The third article in our Innovation series, the over arching strategy to innovate based on price is one that can be a decision of brilliance or detriment. While price is always a barrier to entry for customers in the luxury marketplace, having reduced prices can drive sales forward and increase revenue.
As a business model, innovations on price are more than simply end of season discounting, and instead are more integral to the company’s identity and perceived brand. For the fashion industry, in particular, deviating in cost can be a tricky thing. In part, fashion has become a living, breathing evolution and what feels fresh and current one season does not maintain relevancy in the seasons after. The dynamic nature of the industry lends itself to a constantly revolving door of what’s “in”, meaning that the shelf life of merchandise is somewhat limited. After all, no one wants to read yesterday’s newspaper. This is not to say that one cannot be fashionable wearing past season clothing, or that there is an expiration date on collections; this is more about one’s style than the business logistics of the fashion industry.

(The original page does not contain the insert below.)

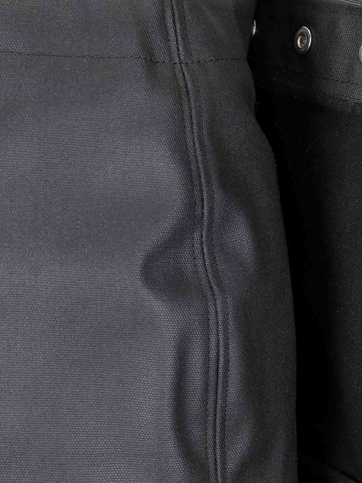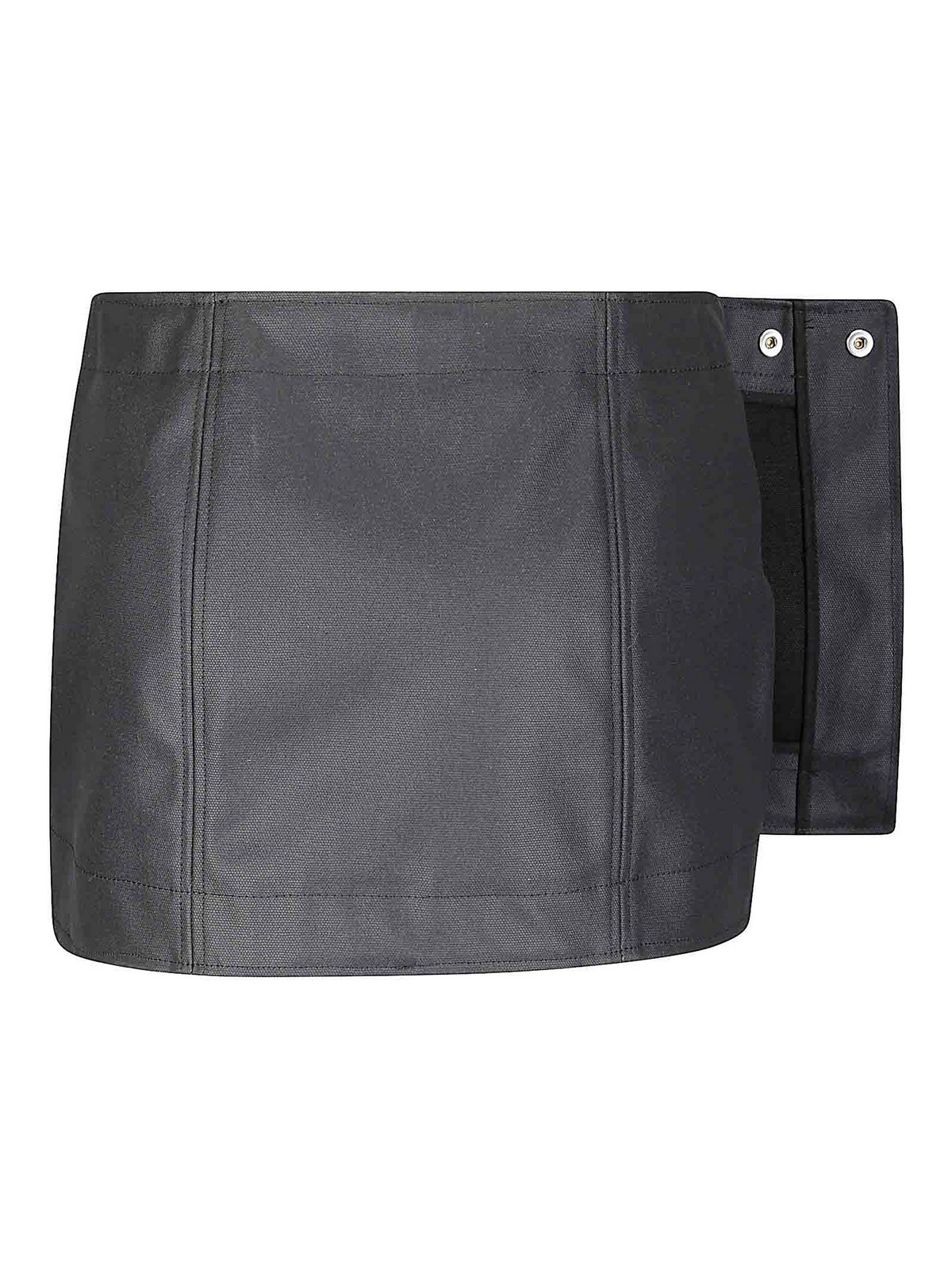 ワックス加工を施したショートスカート、スナップボタンで調節可能なクロージャー、リジッドでアシンメトリーなデザイン。

As a business, fashion houses need to reinvent on a seasonal basis in order to be profitable. Excess merchandise is usually sold at a discount, either by the brands themselves, retailers, outlet partners and/or newly established Flash sale sites. For the latter example, these are businesses that define themselves based on improving the pricing model. Take Gilt Groupe, Privalia or Ideeli as examples. They cater to a fashion-forward demographic who is used to spending at the total cost level for the designer or contemporary brands featured. At a minimum, the target demographic is exposed to these brands at full price and so understands the value in Flash sale. These businesses are totally straightforward in regards to pricing, not trying to hide the sale rack in the back of the store, so to speak. Rather, it represents their main value offering. These sites have been extremely successful in driving profit without exuding an outlet-discounting model or an out-of-style merchandise perception. They are raking in millions. Take Gilt Groupe, who reported $25 Million in revenue in 2008, $170 Million in revenue in 2009 and nearly $500 Million in revenue in 2010 (Wall Street Journal).
However, this commitment to price innovation should be executed delicately and with a strong regard for any established brand perception that may exist. Take, for example, Saks, a high-end department store with a reputation for extravagance and luxury. A hotspot destination for wealthy shoppers, Saks’ decision to offer deep discounting during the recession has severely tarnished their brand. By marking all the way down to 70% off, they introduced extreme reduced costing to a customer who was never a basement shopper. In doing so, Saks has inadvertently positioned itself in a strange middle ground; one where their previous customer has rebounded and again desires a luxury shopping experience, and their new customer seeking out price-based value feels more comfortable at Bloomingdale’s or Macy’s. Their decision to build out more Off 5th outlet centers supports this, and can prove to be a beneficial decision, but then what of their flagship and full priced stores? Luxury sales are expected to increase 10% this year (Bain & Company); however, the discerning luxury customer may no longer be a patron of Saks.
Innovations on pricing are often the scariest strategies for fashion and luxury brands, and for good reason. Be that as it may, the rewards can be great. Then again, so too are the risks.